论文标题
集合机器学习方法用于建模COVID19死亡
Ensemble Machine Learning Methods for Modeling COVID19 Deaths
论文作者
论文摘要
使用机器学习和流行病学方法的混合体,我们提出了一种新型的数据驱动方法,以预测美国在县一级的COVID-19死亡。该模型对每日死亡分布进行了更完整的描述,即输出分位数估计而不是平均死亡,该模型的目标是最大程度地减少纽约时报冠心病病毒县数据集报道的死亡的弹球损失。所得的分位数估计可准确预测可变长度周期的个体县水平的死亡,并且该方法在不同的预测周期长度上很好地概括了。我们在50多个团队中赢得了加州理工学院运行的建模竞赛,我们的总体竞争与最佳的Covid-19建模系统(在均方根误差上)竞争。
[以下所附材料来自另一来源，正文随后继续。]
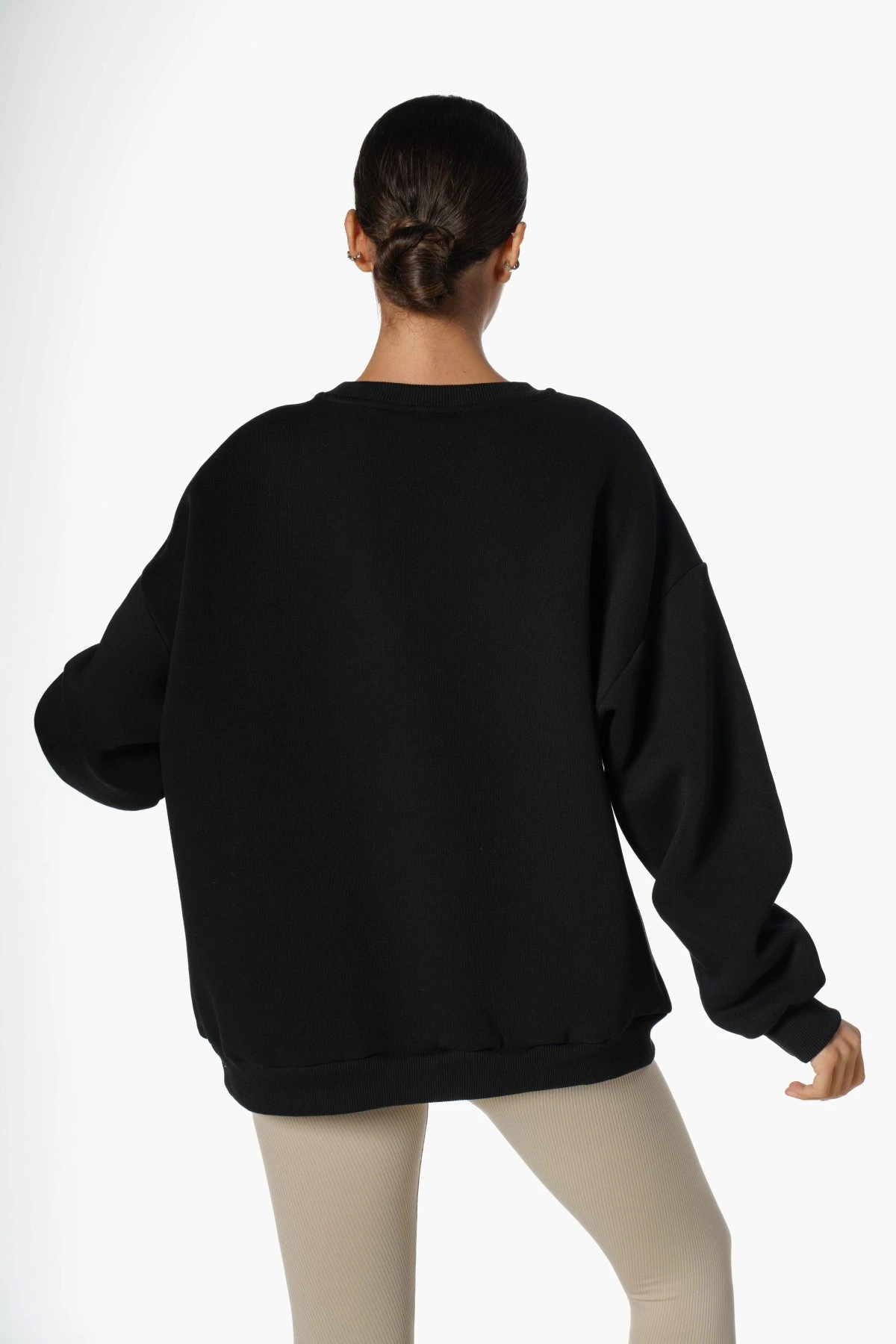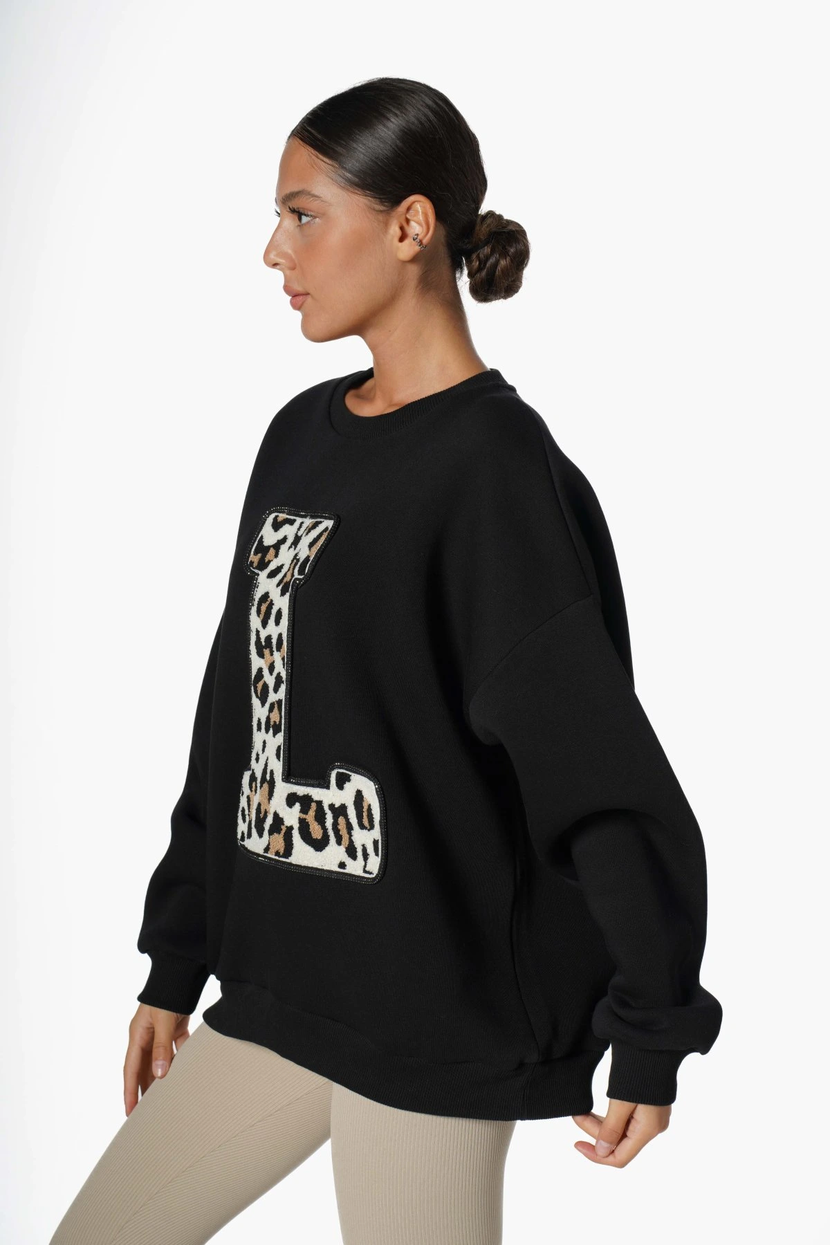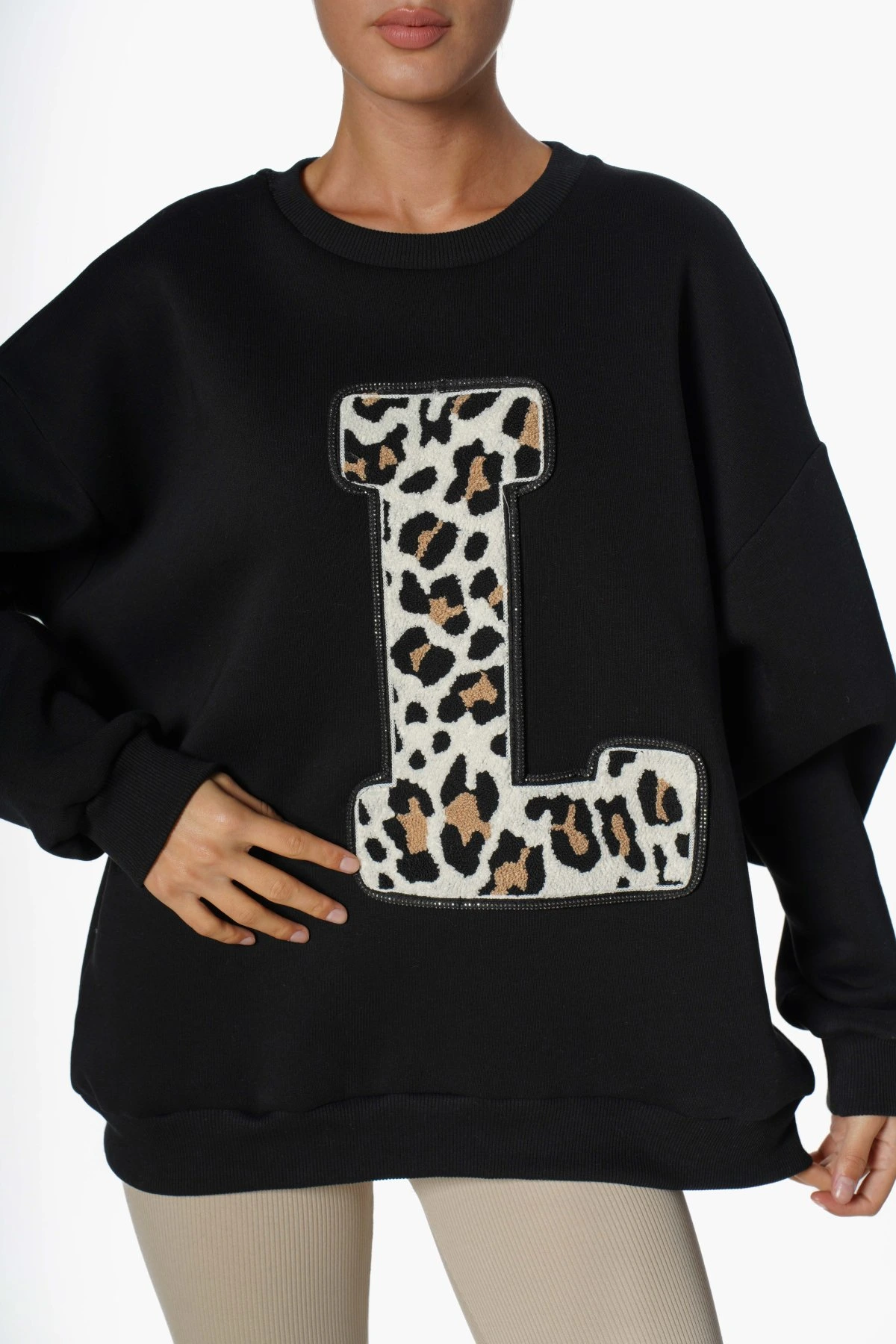 L LEOPAR HARFLİ BİSİKLET YAKA SALAŞ SWEAT – SİYAH

Using a hybrid of machine learning and epidemiological approaches, we propose a novel data-driven approach in predicting US COVID-19 deaths at a county level. The model gives a more complete description of the daily death distribution, outputting quantile-estimates instead of mean deaths, where the model's objective is to minimize the pinball loss on deaths reported by the New York Times coronavirus county dataset. The resulting quantile estimates accurately forecast deaths at an individual-county level for a variable-length forecast period, and the approach generalizes well across different forecast period lengths. We won the Caltech-run modeling competition out of 50+ teams, and our aggregate is competitive with the best COVID-19 modeling systems (on root mean squared error).